そもそも、海外では新卒という概念も偏差値という概念もありませんので、当然、日本のみで有効です。
また、高校くらいまでは入試という概念すら、無いに等しい国が多数です。

普通の外国人は東大をはじめとした、日本の名門校と言われている大学すら、名前を聞いてもわかりません。
その大学がすごいのかすごくないのか、日本人が使っている偏差値はどのくらいだとどうすごいのかまったく見当もつきませんし、そもそも興味もありません。

偏差値はツール、とらわれる何かではない

「偏差値は10代の半ばから後半にかけて人生の一時だけ使う、受験においてのみ便利な指標であって、ましてや人を測るための普遍的な指標ではない」

もし保護者の方でこれを読んでくださっている方がいたら、このような認識を持ちつつ数字を活用するようにサポートしてあげていただきたいのです。

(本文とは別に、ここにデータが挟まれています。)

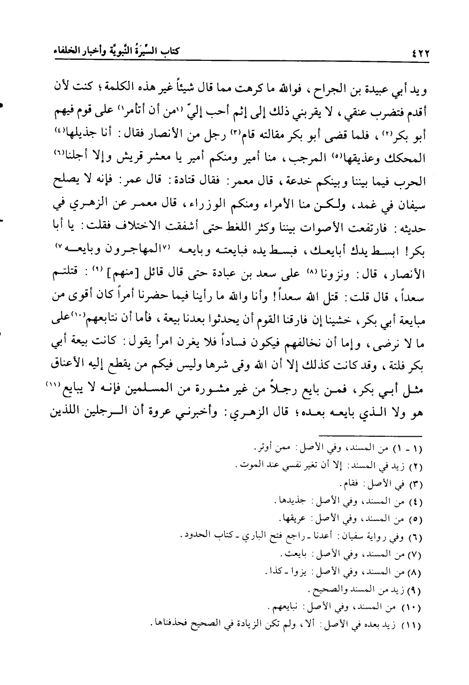 ويد أبي عبيدة بن الجراح، فوالله ما كرهت مما قال شيئا غير هذه الكلمة؛ كنت لأن أقدم فتضرب عنقي، لا يقربني ذلك إلى إثم أحب إليّ «1» من أن أتأمر «1» على قوم فيهم أبو بكر «2» ، فلما قضى أبو بكر مقالته قام «3» رجل من الأنصار فقال: أنا جذيلها «4» المحكك وعذيقها «5» المرجب، منا أمير ومنكم أمير يا معشر قريش وإلا أجلنا «6» الحرب فيما بيننا وبينكم خدعة، قال معمر: فقال قتادة: قال عمر: فإنه لا يصلح سيفان في غمد، ولكن منا الأمراء ومنكم الوزراء، قال معمر عن الزهري في حديثه: فارتفعت الأصوات بيننا وكثر اللغط حتى أشفقت الاختلاف فقلت: يا أبا بكر! ابسط يدك أبايعك، فبسط يده فبايعته وبايعه «7» المهاجرون وبايعه «7» الأنصار، قال: ونزونا «8» على سعد بن عبادة حتى قال قائل [منهم] «9» : قتلتم سعدا، قال قلت: قتل الله سعدا! وأنا والله ما رأينا فيما حضرنا أمرا كان أقوى من مبايعة أبي بكر، خشينا إن فارقنا القوم أن يحدثوا بعدنا بيعة، فأما أن نتابعهم «10» على ما لا نرضى، وإما أن نخالفهم فيكون فسادا فلا يغرن امرأ يقول: كانت بيعة أبي بكر فلتة، وقد كانت كذلك إلا أن الله وقى شرها وليس فيكم من يقطع إليه الأعناق مثل أبي بكر، فمن بايع رجلا من غير مشورة من المسلمين فإنه لا يبايع «11» هو ولا الذي بايعه بعده؛ قال الزهري: وأخبرني عروة أن الرجلين اللذين
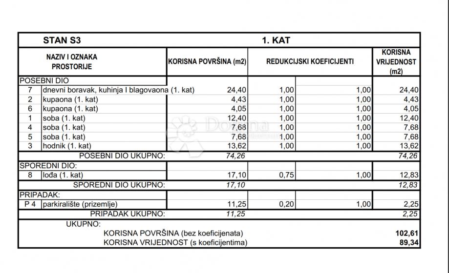Prodaje se trosoban stan S3 na 1 katu novogradnje korisne površine 89.34 m2.

まれではありますが、大人になっても大学や偏差値の話をしたがる人がいるのは事実です。たいてい、

  • 本当は〇〇高校 / 〇〇大学に行けた

  • 〇〇高校 / 〇〇大学を受験するはずだった

  • 本当は偏差値〇〇くらいあった

  • 知り合いに〇〇大学の人がいる

「本当は、本当は」と実際に起きなかったこと、自分のことではないことまで「自分のことのように」話しているという傾向を感じます。

「中学に戻ってもう一度高校受験をやりなおしたい」

そんなことまで言っていた人も実際にいました。
子供や家族がいる方ですらです。

大学出たばっかりの20代ではなく、40代、50代、60代の人が言っています。偏差値に一生涯とらわれてしまっています。

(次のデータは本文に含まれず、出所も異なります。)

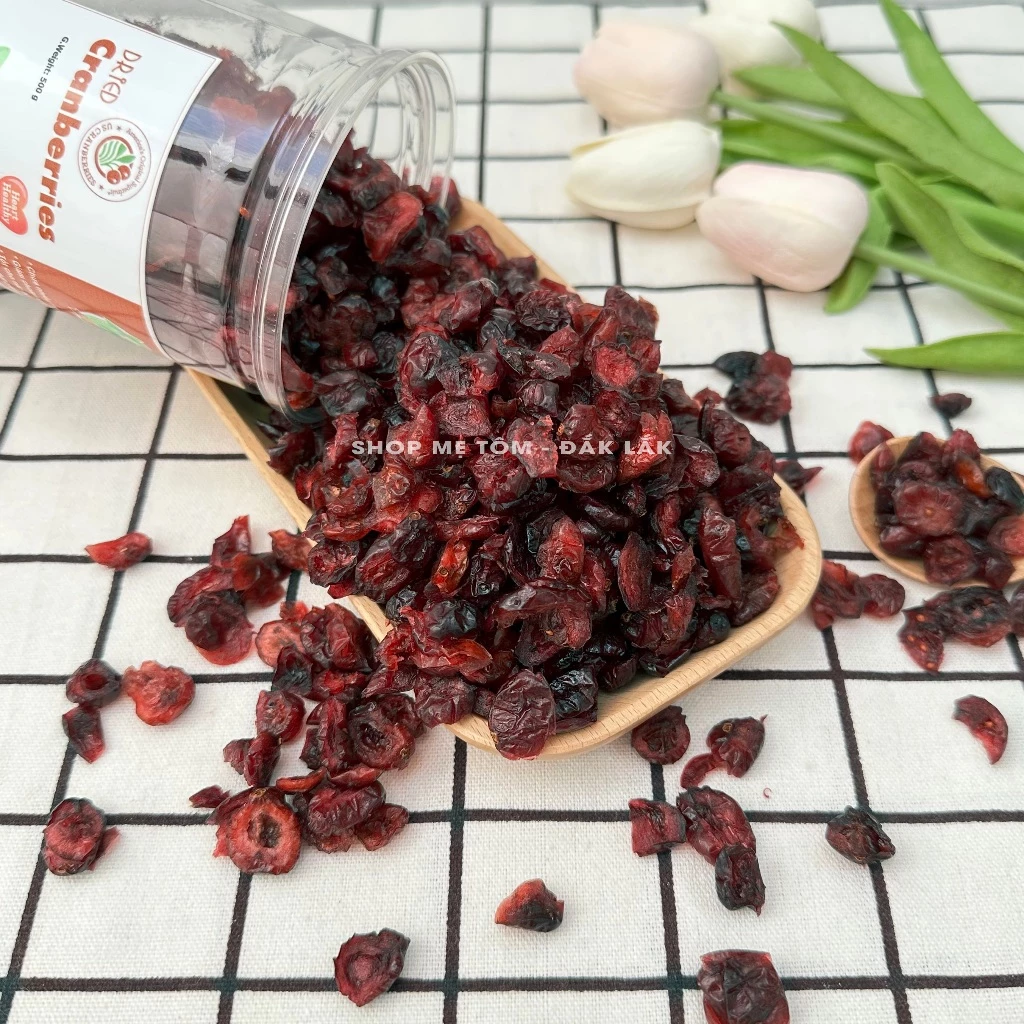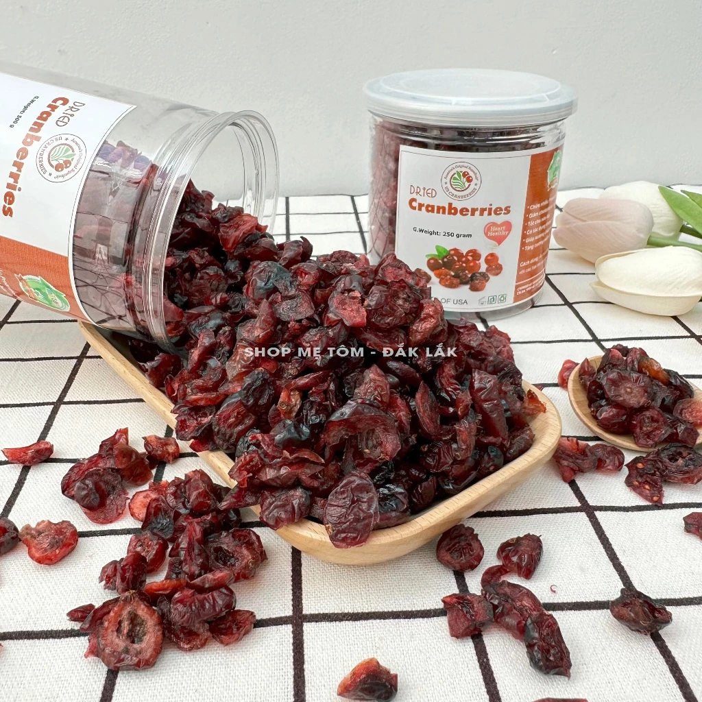 Shop Mẹ Tômのクランベリーは、国際基準を満たす産地から厳選された原料を使用しています。完熟した赤いクランベリーを一粒一粒丁寧に収穫し、独自のソフトドライ製法で、水分を理想的な状態にまで減らしつつ、しっとりとした瑞々しさを保ちます。触れると柔らかく、光沢があり、軽く噛むと弾力のある果肉が口の中で広がり、特徴的な酸味と爽やかさが舌の上でとろけます。250g入りのPETボトルは頑丈なデザインで、密閉性の高い蓋が「瑞々しい」食感を完璧に保護し、果実が乾燥したり品質が変化するのを防ぎます。

このような考えは、人を測る指標であると思いこんでしまっていることと、強烈なコンプレックスから生まれてきているように思えます。
その源泉はやはり学生時代、とりわけ受験期にさかのぼると思います。
その子供にかかわる家庭や周囲の大人の影響も大きいはずです。

偏差値以外の評価軸をしっかり持たず、数字の持つ意味も本来の用途も認識せずに、偏差値至上主義的になってどこかで敗退してしまうと、社会人になっても燃え尽き症候群から抜け出せなくなります。

仕事にも身が入りませんし、人からも避けられてしまいます。
結果、心身ともに健康にすごせなくなってしまうかもしれません。


自分の失敗を子供にさせたくない、という想いまではまったく悪いことではないと思いますが、代理で「リベンジ」してもらいたい、とはならないようにしていきたいですよね。